La prise de conscience de ces tendances s’est traduite par une insertion critique dans le texte par les États membres de l’UNESCO selon laquelle : « Le suivi de la science ouverte devrait être explicitement maintenu sous la surveillance du public, y compris la communauté scientifique, et chaque fois que possible soutenu par des infrastructures ouvertes non propriétaires et transparentes. Cet aspect de surveillance pourrait inclure mais ne devrait pas être délégué au secteur privé. »

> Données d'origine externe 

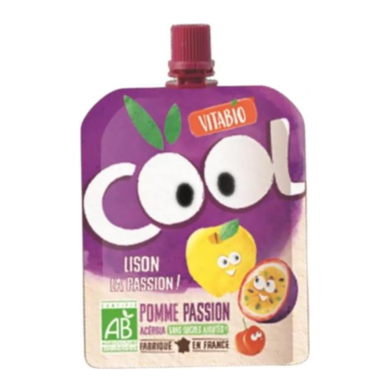ВИТАБИО ПЛОДОВ МУС ЗА ДЕЦА С АЦЕРОЛА, ЯБЪЛКИ И МАРАКУЯ 90ГР. е био плодов мус от ябълка, маракуя, банан и ацерола, подходящ за деца над 12-месечна възраст. Идеален за десерт или хапване между храненията. В удобна опаковка, подходяща за път и разходка. Без добавена захар.
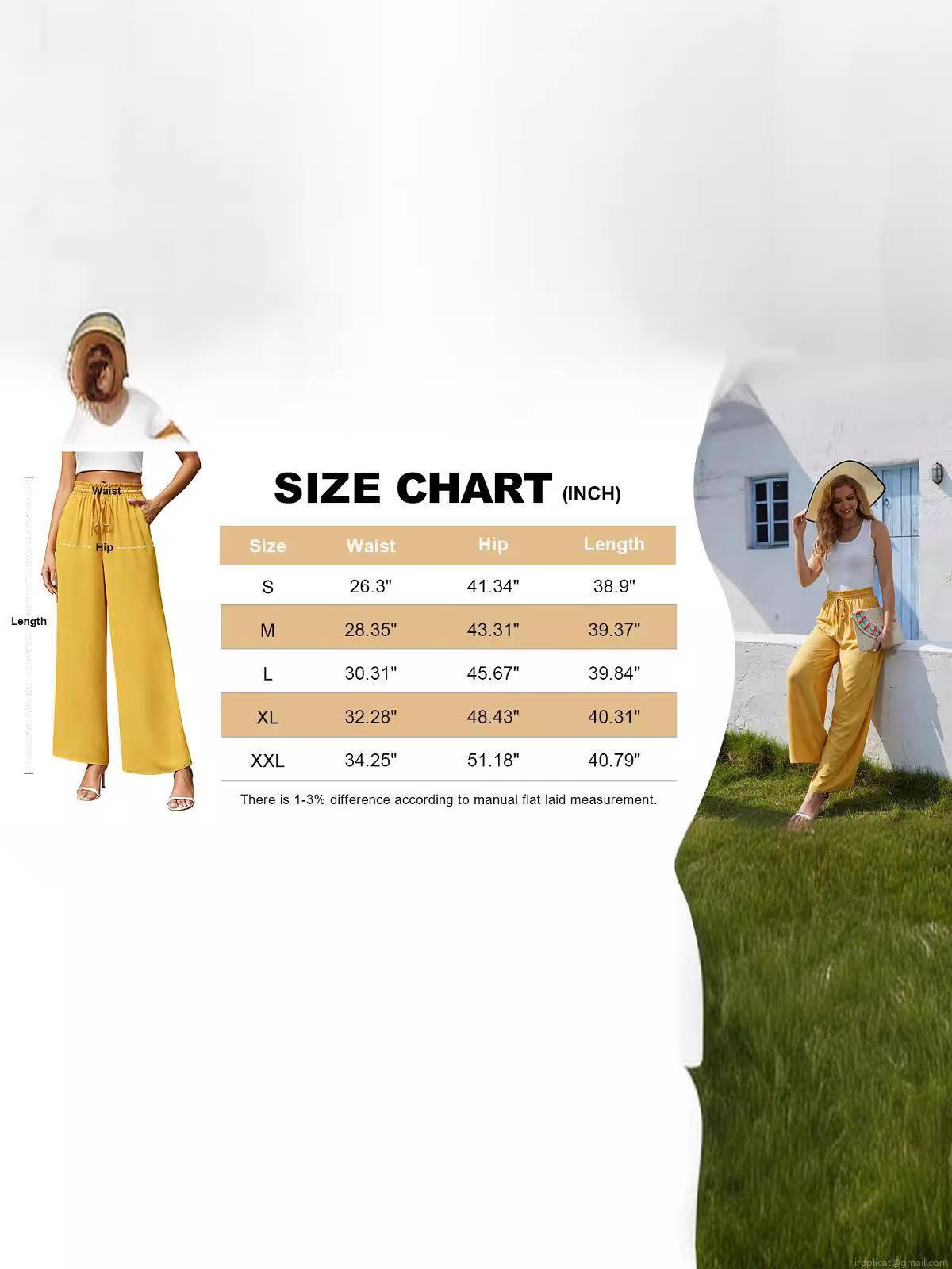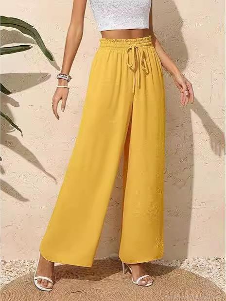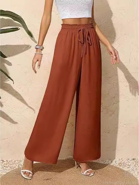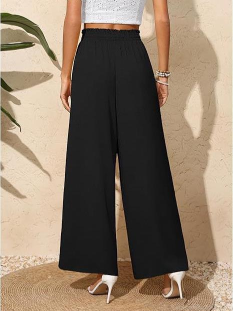 • Women's Casual High Waisted Wide Leg Pants Flowy Smocked Drawstring Lounge Trousers With Pockets Polyester Spandex Crepe Texture Pants
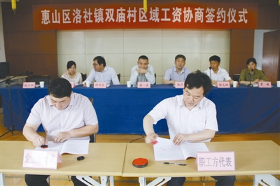 2013年3月江苏无锡惠山区洛社镇举行的区域工资协商签约仪式。
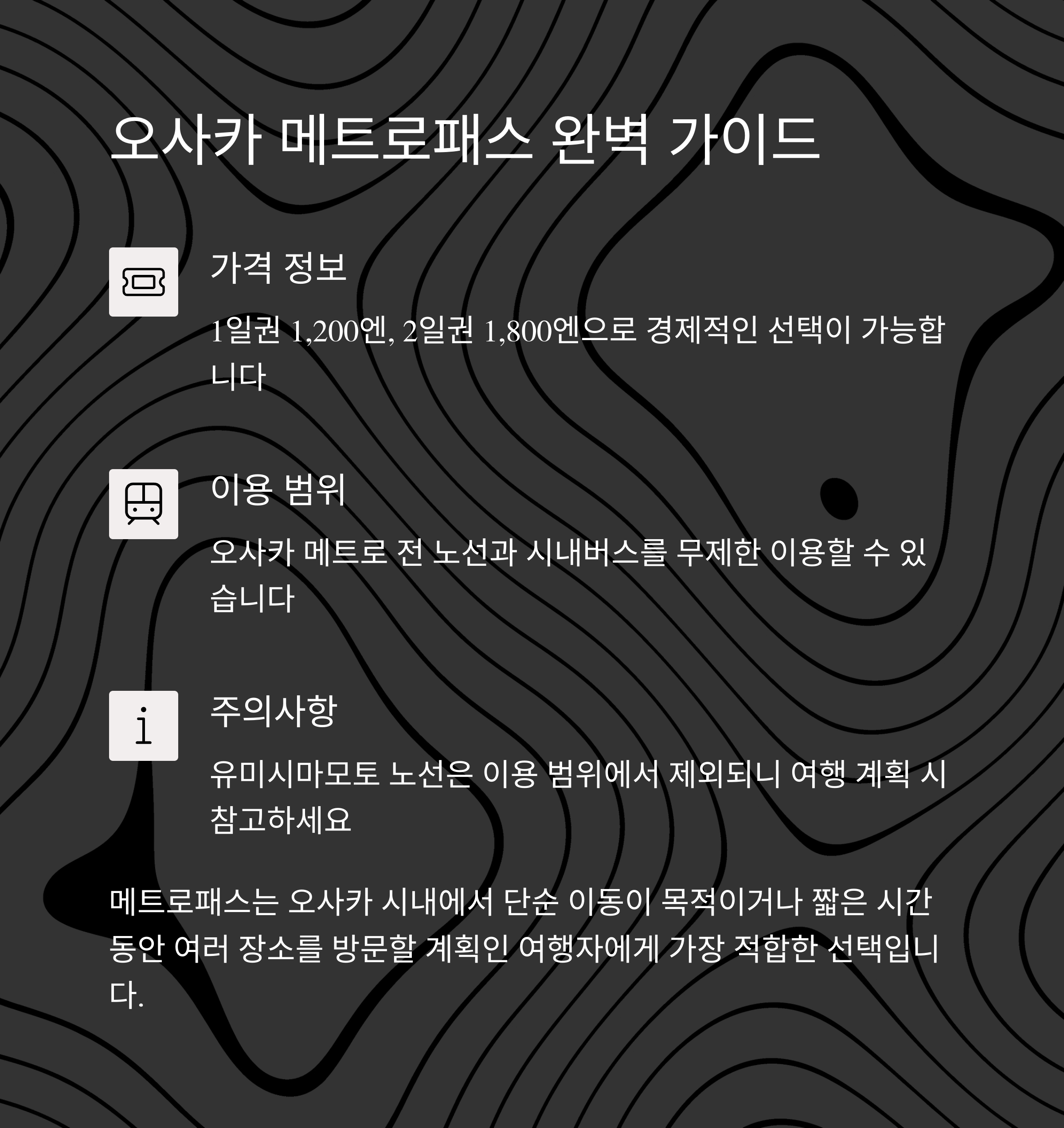 메트로패스는 오로지 오사카 메트로와 시내버스만 이용 가능하며, 관광 목적보다는 교통비 절약에 초점이 맞춰져 있습니다.

Stratégies pour les paradigmes de la science ouverte
La recommandation de l’UNESCO et les interventions potentielles en cascade des États membres pourraient se développer selon deux voies divergentes. Ils pourraient renforcer le soutien gouvernemental à la communauté scientifique, et à l’écosystème des parties prenantes dont elle fait partie, en développant de nouvelles politiques, infrastructures et stratégies de collaboration qui servent le paradigme de la science ouverte tel qu’il a progressivement évolué au cours des deux dernières décennies.
Au contraire, les États membres pourraient ignorer la tradition selon laquelle la communauté scientifique s’auto-organise pour atteindre ses objectifs, et en venir à spécifier, voire à réglementer, la manière dont elle devrait être organisée. Nous sommes fortement en faveur de la première solution, et préoccupés par le potentiel de la seconde, qui pourrait créer un mode de science ouverte qui ouvre la porte : « à la capture de la valeur de la recherche financée par des fonds publics par des plateformes commerciales, à encore plus de “mesures” de productivité pour “inciter” les chercheurs à travailler plus dur et à une concentration sur le progrès de la science à l’échelle du système, en ignorant les coûts et les avantages pour les individus, qu’ils soient scientifiques ou non scientifiques ». Néanmoins, nous accueillons très favorablement le projet de recommandation de l’UNESCO, avec le commentaire que la conscience du danger est la première étape pour l’éviter.
Cette déclaration a d’abord été publiée par l’ISC.